Finkelson Finkelson - 4 months ago 15
JSON Question

Spark UDF returns a length of field instead of length of value

Consider the code below

object SparkUDFApp {
def main(args: Array[String]) {

val df = ctx.read.json(".../example.json")
df.registerTempTable("example")

val fn = (_: String).length // % 10
ctx.udf.register("len10", fn)

val res0 = ctx sql "SELECT len10('id') FROM example LIMIT 1" map {_ getInt 0} collect

println(res0.head)
}
}


JSON example

{"id":529799371026485248,"text":"Example"}


The code should return a length of the field value from JSON (e.g. 'id' has value 18). But instead of returning '18' it returns '2', which is the length of 'id' I suppose.

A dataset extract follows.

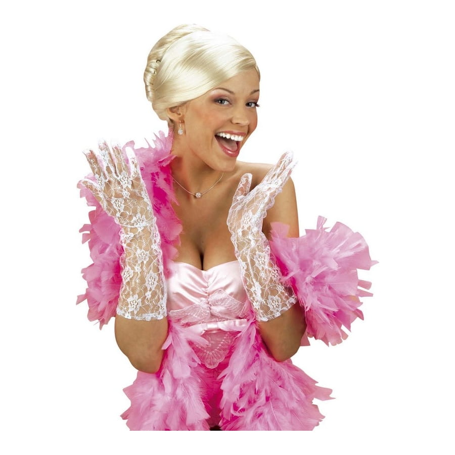 Paire de gants blancs en dentelles pour femme. Les gants mesurent 40 centimètres de long. Cet accessoire est parfait pour une tenue de danseuse ou de princesse.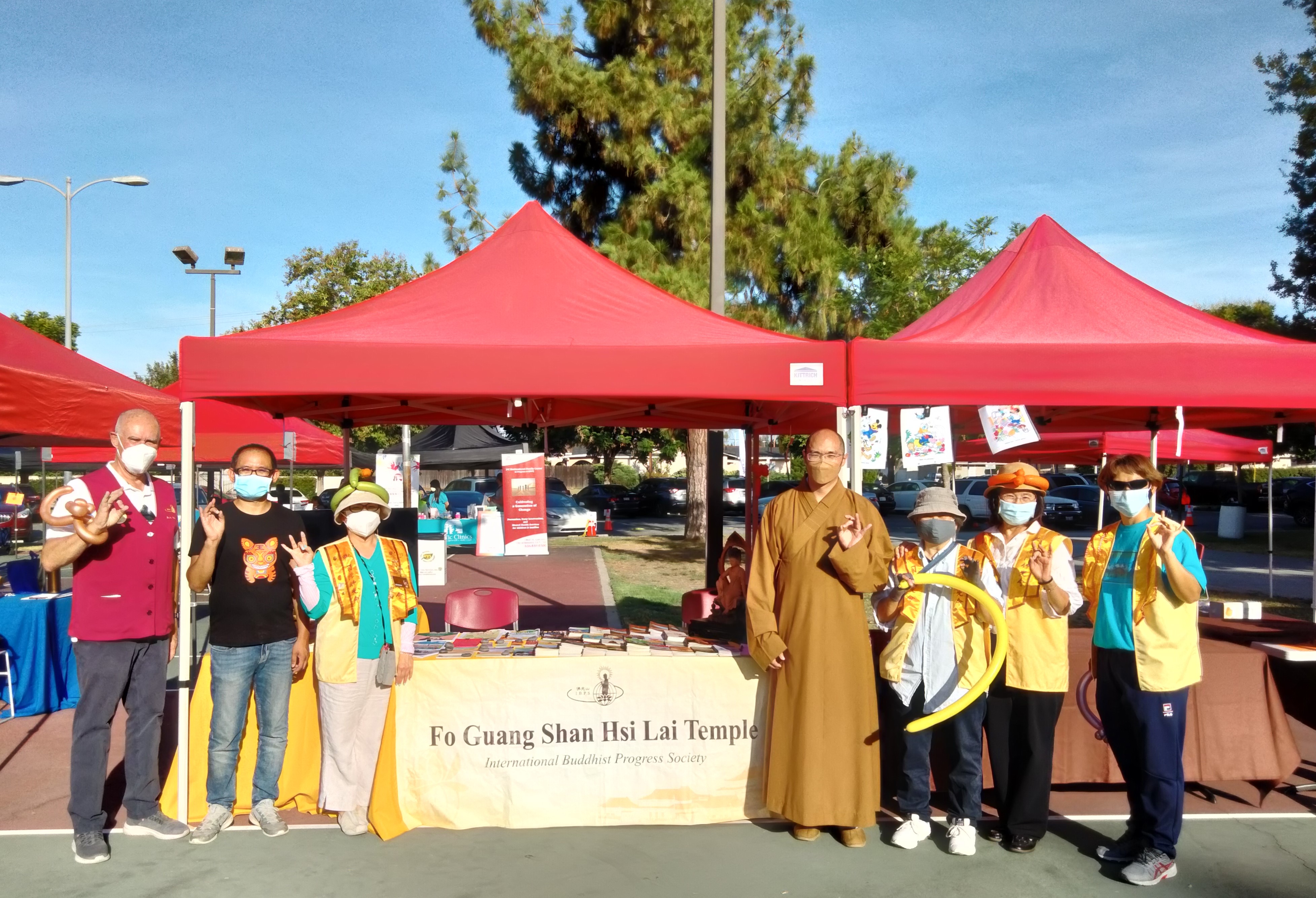 Ven. Hui Cheng of Hsi Lai Temple led volunteers from the BLIA (Buddha’s Light International Association) Hacienda Heights Subchapter and the Hsi Lai Temple Docent Unit to greet the public warmly by providing sachet making, painting, series of Buddhist booklets, sanitizers, etc., and introducing various activities held at Hsi Lai Temple. A door – understanding of Buddhism – was opened to the public.

So my question is how to rewrite UDF to fix it?

Answer

The problem is that you are passing the string id as a literal to your UDF so it is interpreted as one instead of a column (notice that it has 2 letters this is why it returns such number). To solve this just change the way how you formulate the SQL query.

E.g.

val res0 = ctx sql "SELECT len10(id) FROM example LIMIT 1" map {_ getInt 0} collect

// Or alternatively
val len10 = udf(word => word.length)
df.select(len10(df("id")).as("length")).show()